Your task: Set down each record exactly. Omit the pictures.

Data shown:
==============================

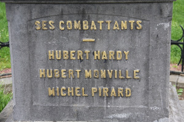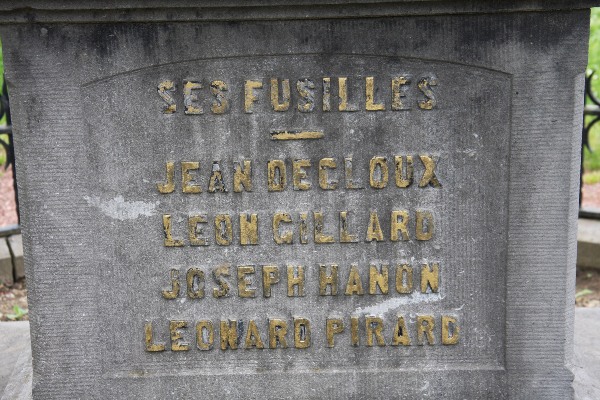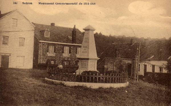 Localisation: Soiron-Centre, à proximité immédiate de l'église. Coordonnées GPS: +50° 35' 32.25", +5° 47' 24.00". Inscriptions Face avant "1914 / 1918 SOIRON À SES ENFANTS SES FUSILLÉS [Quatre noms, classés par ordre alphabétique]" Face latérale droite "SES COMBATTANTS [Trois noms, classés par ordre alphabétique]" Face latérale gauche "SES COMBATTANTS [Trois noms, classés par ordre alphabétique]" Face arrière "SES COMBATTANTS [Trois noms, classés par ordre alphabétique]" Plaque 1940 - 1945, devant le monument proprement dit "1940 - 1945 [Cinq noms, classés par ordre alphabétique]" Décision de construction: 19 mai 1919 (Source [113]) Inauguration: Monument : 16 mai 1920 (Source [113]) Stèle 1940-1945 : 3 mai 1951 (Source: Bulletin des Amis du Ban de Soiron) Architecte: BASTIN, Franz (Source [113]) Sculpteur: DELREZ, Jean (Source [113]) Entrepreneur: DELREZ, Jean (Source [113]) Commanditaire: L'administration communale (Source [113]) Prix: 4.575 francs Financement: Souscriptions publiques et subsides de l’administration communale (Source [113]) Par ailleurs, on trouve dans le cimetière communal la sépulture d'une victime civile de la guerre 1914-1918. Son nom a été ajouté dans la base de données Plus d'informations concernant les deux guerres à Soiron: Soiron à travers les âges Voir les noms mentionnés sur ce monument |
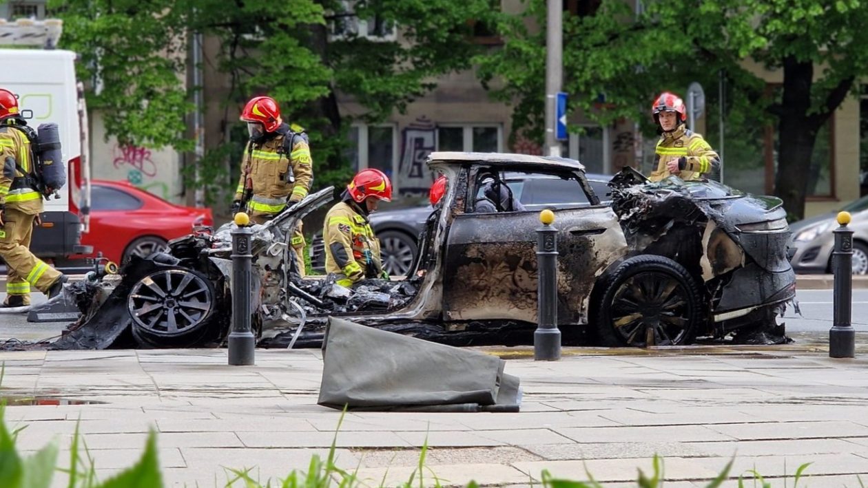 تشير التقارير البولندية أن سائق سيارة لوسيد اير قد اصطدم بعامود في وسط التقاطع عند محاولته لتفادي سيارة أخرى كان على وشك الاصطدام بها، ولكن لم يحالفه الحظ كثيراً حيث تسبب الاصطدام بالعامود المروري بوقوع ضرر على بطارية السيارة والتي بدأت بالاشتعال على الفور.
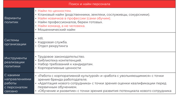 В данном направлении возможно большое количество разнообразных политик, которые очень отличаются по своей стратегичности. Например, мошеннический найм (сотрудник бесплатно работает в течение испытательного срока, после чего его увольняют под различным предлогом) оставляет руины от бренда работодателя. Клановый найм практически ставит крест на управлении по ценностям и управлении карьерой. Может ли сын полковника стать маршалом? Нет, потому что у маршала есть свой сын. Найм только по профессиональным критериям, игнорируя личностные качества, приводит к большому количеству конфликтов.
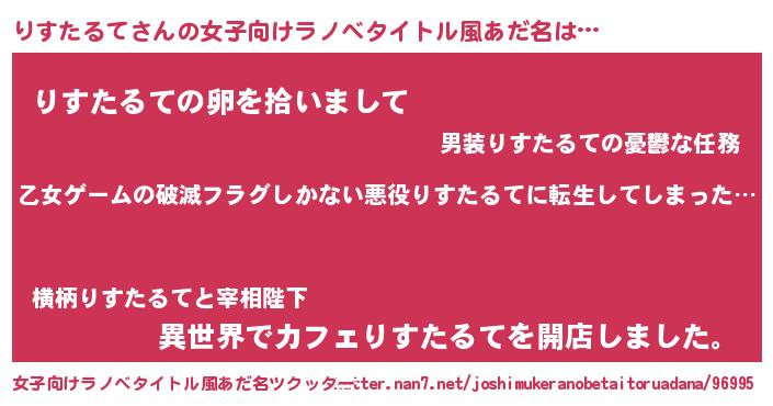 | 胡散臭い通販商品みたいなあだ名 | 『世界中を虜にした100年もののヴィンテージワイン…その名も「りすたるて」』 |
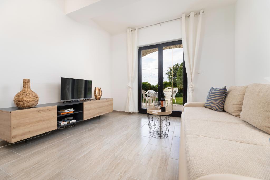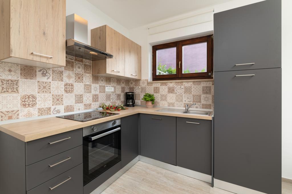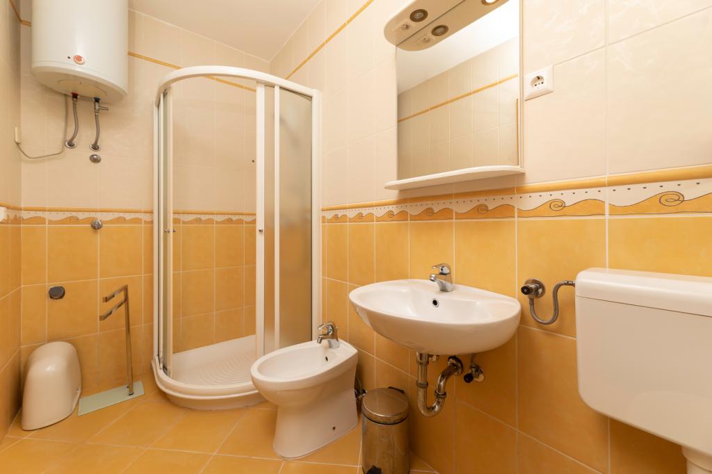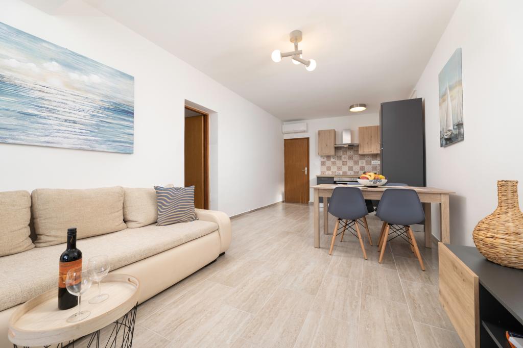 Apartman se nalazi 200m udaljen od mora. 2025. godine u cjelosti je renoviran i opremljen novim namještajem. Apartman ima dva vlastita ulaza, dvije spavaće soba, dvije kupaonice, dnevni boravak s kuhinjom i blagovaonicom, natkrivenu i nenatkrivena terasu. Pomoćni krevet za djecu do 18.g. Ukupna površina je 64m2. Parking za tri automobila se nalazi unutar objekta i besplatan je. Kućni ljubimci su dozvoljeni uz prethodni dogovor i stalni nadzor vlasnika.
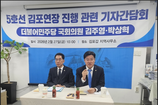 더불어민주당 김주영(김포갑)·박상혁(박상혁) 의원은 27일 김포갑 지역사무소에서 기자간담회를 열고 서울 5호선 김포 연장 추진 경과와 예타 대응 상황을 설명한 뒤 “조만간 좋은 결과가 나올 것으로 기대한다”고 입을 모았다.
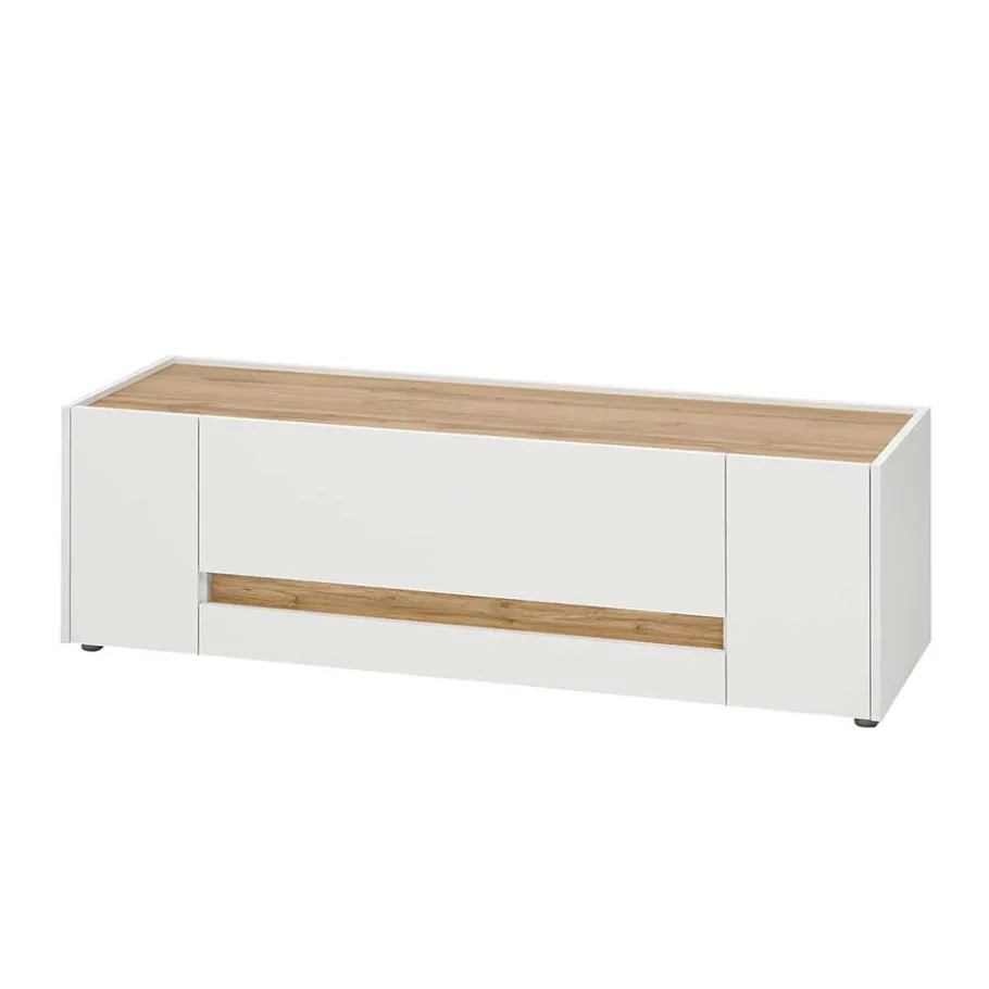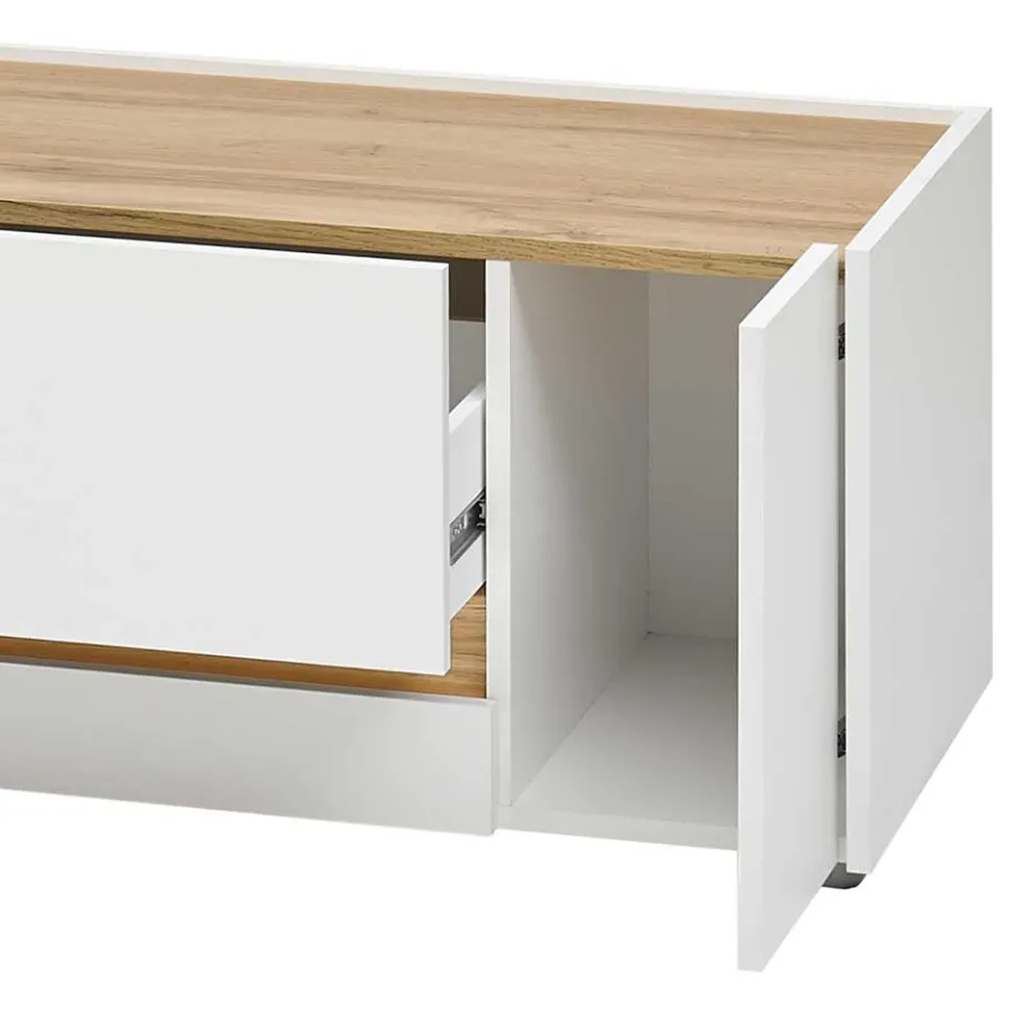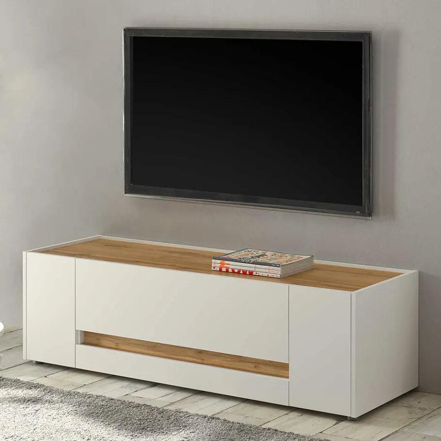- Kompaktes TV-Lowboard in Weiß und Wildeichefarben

==============================

Problem solution:
 Localisation: Soiron-Centre, à proximité immédiate de l'église. Coordonnées GPS: +50° 35' 32.25", +5° 47' 24.00". Inscriptions Face avant "1914 / 1918 SOIRON À SES ENFANTS SES FUSILLÉS [Quatre noms, classés par ordre alphabétique]" Face latérale droite "SES COMBATTANTS [Trois noms, classés par ordre alphabétique]" Face latérale gauche "SES COMBATTANTS [Trois noms, classés par ordre alphabétique]" Face arrière "SES COMBATTANTS [Trois noms, classés par ordre alphabétique]" Plaque 1940 - 1945, devant le monument proprement dit "1940 - 1945 [Cinq noms, classés par ordre alphabétique]" Décision de construction: 19 mai 1919 (Source [113]) Inauguration: Monument : 16 mai 1920 (Source [113]) Stèle 1940-1945 : 3 mai 1951 (Source: Bulletin des Amis du Ban de Soiron) Architecte: BASTIN, Franz (Source [113]) Sculpteur: DELREZ, Jean (Source [113]) Entrepreneur: DELREZ, Jean (Source [113]) Commanditaire: L'administration communale (Source [113]) Prix: 4.575 francs Financement: Souscriptions publiques et subsides de l’administration communale (Source [113]) Par ailleurs, on trouve dans le cimetière communal la sépulture d'une victime civile de la guerre 1914-1918. Son nom a été ajouté dans la base de données Plus d'informations concernant les deux guerres à Soiron: Soiron à travers les âges Voir les noms mentionnés sur ce monument |
 تشير التقارير البولندية أن سائق سيارة لوسيد اير قد اصطدم بعامود في وسط التقاطع عند محاولته لتفادي سيارة أخرى كان على وشك الاصطدام بها، ولكن لم يحالفه الحظ كثيراً حيث تسبب الاصطدام بالعامود المروري بوقوع ضرر على بطارية السيارة والتي بدأت بالاشتعال على الفور.
 В данном направлении возможно большое количество разнообразных политик, которые очень отличаются по своей стратегичности. Например, мошеннический найм (сотрудник бесплатно работает в течение испытательного срока, после чего его увольняют под различным предлогом) оставляет руины от бренда работодателя. Клановый найм практически ставит крест на управлении по ценностям и управлении карьерой. Может ли сын полковника стать маршалом? Нет, потому что у маршала есть свой сын. Найм только по профессиональным критериям, игнорируя личностные качества, приводит к большому количеству конфликтов.
 | 胡散臭い通販商品みたいなあだ名 | 『世界中を虜にした100年もののヴィンテージワイン…その名も「りすたるて」』 |
 Apartman se nalazi 200m udaljen od mora. 2025. godine u cjelosti je renoviran i opremljen novim namještajem. Apartman ima dva vlastita ulaza, dvije spavaće soba, dvije kupaonice, dnevni boravak s kuhinjom i blagovaonicom, natkrivenu i nenatkrivena terasu. Pomoćni krevet za djecu do 18.g. Ukupna površina je 64m2. Parking za tri automobila se nalazi unutar objekta i besplatan je. Kućni ljubimci su dozvoljeni uz prethodni dogovor i stalni nadzor vlasnika.
 더불어민주당 김주영(김포갑)·박상혁(박상혁) 의원은 27일 김포갑 지역사무소에서 기자간담회를 열고 서울 5호선 김포 연장 추진 경과와 예타 대응 상황을 설명한 뒤 “조만간 좋은 결과가 나올 것으로 기대한다”고 입을 모았다.
- Kompaktes TV-Lowboard in Weiß und Wildeichefarben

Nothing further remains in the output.